Not much blogging this week, because all of my late-night blogging time has been taken up with baseball. Incredible, mind-bending baseball. Tonight the Red Sox are American League champs. Since the Sox made it into the championship series last week, I have felt at various times dizzy, giddy, and sick. It’s an odd thing to me, to find myself caring this much about baseball. Growing up in North Carolina, I wasn’t much of a baseball fan, and I certainly didn’t have any affinity for Boston. My only memory of the 1975 series was that it was interesting that both the teams had “Red” in their names. In the same vague, hop-on-the-bandwagon way that I cheered for the Dolphins and the Cowboys in their 1970s powerhouse years, I remember rooting for the Yankees in 1978.

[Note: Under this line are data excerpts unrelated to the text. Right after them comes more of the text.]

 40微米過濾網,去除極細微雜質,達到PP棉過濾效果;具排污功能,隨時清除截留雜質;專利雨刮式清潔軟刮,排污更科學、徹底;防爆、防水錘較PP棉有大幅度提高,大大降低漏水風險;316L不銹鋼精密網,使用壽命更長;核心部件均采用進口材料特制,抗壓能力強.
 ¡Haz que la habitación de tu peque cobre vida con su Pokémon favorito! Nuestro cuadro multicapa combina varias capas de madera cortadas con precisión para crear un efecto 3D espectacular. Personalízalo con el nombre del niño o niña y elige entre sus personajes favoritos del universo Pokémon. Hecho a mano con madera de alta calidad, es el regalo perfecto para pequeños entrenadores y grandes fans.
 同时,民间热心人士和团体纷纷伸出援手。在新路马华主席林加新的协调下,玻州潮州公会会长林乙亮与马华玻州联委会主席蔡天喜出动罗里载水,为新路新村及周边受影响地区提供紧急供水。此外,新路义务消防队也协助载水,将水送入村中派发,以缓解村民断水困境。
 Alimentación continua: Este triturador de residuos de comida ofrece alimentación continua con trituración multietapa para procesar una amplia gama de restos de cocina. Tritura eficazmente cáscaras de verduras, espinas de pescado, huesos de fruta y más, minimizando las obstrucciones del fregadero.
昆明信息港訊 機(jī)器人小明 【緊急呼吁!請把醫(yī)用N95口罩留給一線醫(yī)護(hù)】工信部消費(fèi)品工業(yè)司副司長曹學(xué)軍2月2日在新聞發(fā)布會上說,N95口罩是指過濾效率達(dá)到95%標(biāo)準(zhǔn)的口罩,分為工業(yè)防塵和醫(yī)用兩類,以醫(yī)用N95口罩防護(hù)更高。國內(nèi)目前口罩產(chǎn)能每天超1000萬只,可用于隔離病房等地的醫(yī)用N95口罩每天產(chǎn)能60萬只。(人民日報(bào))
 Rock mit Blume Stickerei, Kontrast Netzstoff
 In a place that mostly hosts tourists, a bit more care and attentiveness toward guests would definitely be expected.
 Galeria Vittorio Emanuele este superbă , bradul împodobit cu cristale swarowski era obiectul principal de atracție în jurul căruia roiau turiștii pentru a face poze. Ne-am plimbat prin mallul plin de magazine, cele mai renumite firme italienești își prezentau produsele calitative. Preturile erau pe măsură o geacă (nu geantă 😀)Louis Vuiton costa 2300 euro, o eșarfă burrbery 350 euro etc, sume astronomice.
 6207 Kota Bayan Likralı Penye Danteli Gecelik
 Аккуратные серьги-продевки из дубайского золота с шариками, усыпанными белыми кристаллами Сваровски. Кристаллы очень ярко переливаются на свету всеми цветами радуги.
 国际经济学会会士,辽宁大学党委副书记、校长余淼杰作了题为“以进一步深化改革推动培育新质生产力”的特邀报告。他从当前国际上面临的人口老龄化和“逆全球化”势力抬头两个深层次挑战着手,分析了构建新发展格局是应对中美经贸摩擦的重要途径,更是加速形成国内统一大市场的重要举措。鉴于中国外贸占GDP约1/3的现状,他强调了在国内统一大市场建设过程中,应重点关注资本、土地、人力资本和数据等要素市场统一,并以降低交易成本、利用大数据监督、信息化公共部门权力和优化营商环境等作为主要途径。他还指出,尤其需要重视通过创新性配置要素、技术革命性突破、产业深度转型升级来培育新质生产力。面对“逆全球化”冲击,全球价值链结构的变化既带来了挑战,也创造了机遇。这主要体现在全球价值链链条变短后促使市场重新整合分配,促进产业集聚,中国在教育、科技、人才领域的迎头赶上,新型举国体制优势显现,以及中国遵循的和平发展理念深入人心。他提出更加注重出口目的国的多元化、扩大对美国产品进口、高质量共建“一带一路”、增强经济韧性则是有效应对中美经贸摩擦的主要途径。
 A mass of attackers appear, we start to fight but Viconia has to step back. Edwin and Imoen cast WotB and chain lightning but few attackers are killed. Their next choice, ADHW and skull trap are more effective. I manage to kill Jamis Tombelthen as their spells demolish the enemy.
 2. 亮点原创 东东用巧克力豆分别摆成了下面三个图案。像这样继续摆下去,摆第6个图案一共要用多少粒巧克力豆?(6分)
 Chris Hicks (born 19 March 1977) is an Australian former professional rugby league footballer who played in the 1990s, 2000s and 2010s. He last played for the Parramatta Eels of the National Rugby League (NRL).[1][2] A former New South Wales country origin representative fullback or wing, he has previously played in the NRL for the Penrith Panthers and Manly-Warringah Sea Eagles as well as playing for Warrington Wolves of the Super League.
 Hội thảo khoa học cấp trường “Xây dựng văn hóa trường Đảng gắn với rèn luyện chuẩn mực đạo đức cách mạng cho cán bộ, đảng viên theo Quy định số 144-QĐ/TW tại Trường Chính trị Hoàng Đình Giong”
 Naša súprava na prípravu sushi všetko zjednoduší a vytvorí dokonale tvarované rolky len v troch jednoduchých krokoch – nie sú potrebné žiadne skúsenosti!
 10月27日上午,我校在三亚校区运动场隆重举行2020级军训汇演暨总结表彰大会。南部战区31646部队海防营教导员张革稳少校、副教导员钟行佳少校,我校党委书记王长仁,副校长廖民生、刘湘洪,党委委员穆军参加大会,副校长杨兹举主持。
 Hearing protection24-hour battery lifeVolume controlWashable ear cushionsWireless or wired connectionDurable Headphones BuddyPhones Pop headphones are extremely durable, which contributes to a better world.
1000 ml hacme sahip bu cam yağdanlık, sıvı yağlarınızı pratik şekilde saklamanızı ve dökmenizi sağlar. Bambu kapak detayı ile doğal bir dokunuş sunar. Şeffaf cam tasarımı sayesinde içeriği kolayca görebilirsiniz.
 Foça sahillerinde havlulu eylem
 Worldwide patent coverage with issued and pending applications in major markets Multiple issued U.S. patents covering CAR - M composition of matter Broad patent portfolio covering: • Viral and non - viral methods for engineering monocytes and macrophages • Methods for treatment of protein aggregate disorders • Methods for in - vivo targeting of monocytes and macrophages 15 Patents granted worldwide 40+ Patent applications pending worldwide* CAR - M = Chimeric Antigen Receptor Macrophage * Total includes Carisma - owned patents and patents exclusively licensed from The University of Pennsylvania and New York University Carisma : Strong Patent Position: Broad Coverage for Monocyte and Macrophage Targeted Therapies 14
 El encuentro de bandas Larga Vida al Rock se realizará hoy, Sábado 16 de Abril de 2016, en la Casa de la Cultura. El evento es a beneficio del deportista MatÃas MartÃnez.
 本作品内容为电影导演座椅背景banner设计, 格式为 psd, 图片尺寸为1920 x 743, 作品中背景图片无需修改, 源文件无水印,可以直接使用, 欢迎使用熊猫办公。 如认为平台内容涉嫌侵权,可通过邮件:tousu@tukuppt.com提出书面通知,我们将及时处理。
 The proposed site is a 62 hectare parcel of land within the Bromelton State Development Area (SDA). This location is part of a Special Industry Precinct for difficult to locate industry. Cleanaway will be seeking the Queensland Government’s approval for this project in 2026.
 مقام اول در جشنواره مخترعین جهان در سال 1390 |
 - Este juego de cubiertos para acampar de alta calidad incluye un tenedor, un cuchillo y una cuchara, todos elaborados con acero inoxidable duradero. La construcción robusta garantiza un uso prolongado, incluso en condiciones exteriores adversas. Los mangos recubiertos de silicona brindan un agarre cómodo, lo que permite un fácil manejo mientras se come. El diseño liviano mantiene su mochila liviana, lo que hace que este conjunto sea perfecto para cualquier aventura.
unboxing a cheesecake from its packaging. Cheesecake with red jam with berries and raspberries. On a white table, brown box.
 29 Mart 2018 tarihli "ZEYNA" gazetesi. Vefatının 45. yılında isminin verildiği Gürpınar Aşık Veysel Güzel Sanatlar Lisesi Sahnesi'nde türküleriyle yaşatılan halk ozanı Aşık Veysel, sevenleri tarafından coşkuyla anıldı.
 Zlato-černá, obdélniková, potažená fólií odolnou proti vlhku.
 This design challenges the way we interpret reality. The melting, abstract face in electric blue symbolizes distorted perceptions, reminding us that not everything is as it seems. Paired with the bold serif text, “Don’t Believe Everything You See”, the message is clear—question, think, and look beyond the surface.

For more than a decade now I have lived in Boston. I think it would take real work to live here for that long and not become a fan; I have succumbed. But the thing that really fascinates me is how someone like me can take eighty-some years of Red Sox history so personally. While I was in college in New Jersey, I was totally indifferent to the wretched fate of the 1986 Sox. But now it feels like a personal affront, as though I suffered through it myself. How is that possible? This is what is so interesting about the Sox: the very thing that has made them so wretched has made them painfully endearing. If I had moved to New York instead of Boston thirteen years ago, would I be a Yankees fan? Probably. But I can’t imagine being caught up in the same way. The Red Sox have come to stand for longing, for endless unrequited painful desire. That is a powerful, mythic force, all the more so when shared by millions of fellow-sufferers. This history of thwarted victory is something to be embraced and honored in some profound way. Why should I care so much about baseball? Because it becomes more than baseball. We can all understand yearning; life is yearning and frustrated needfulness. Everyone in Red Sox nation is free to project onto this team a thousand things from their lives. When you win, you eventually learn that the world doesn’t change, but when you lose, you dream that some day it might. The winner awakes, but the loser gets to dream.
For the last four days, I have been lapsing occasionally into a strange dream state. It’s something like floating in a soap bubble over a barren landscape — so beautiful, so easily punctured, so disorienting. To land on my feet after that giddy flight amazes me in the extreme. I congratulate the team that brought home this victory. Tomorrow the world starts again. But tonight Boston lives the dream.
You are now officially MY ENEMY!
Oh and, love to the family,
Mike
Mike, can I interest you in a slightly used curse?
Zen and The Red Sox. The Four Noble Truths:(Apologies to bhodisatva and the millions of Bhuddists in the world)
1.Baseball is suffering
2.The origin of suffering is Desire(to win the series)
3.The cessation of suffering is attainable.
4. The path to the cessation of suffering consists of many trips on the paths of bases…moreso than the Cardinals.
What is the sound of a curse breaking?
Does a House of Cards, falling in St. Louis, make any noise?
It is silent as lamentations of those already passed.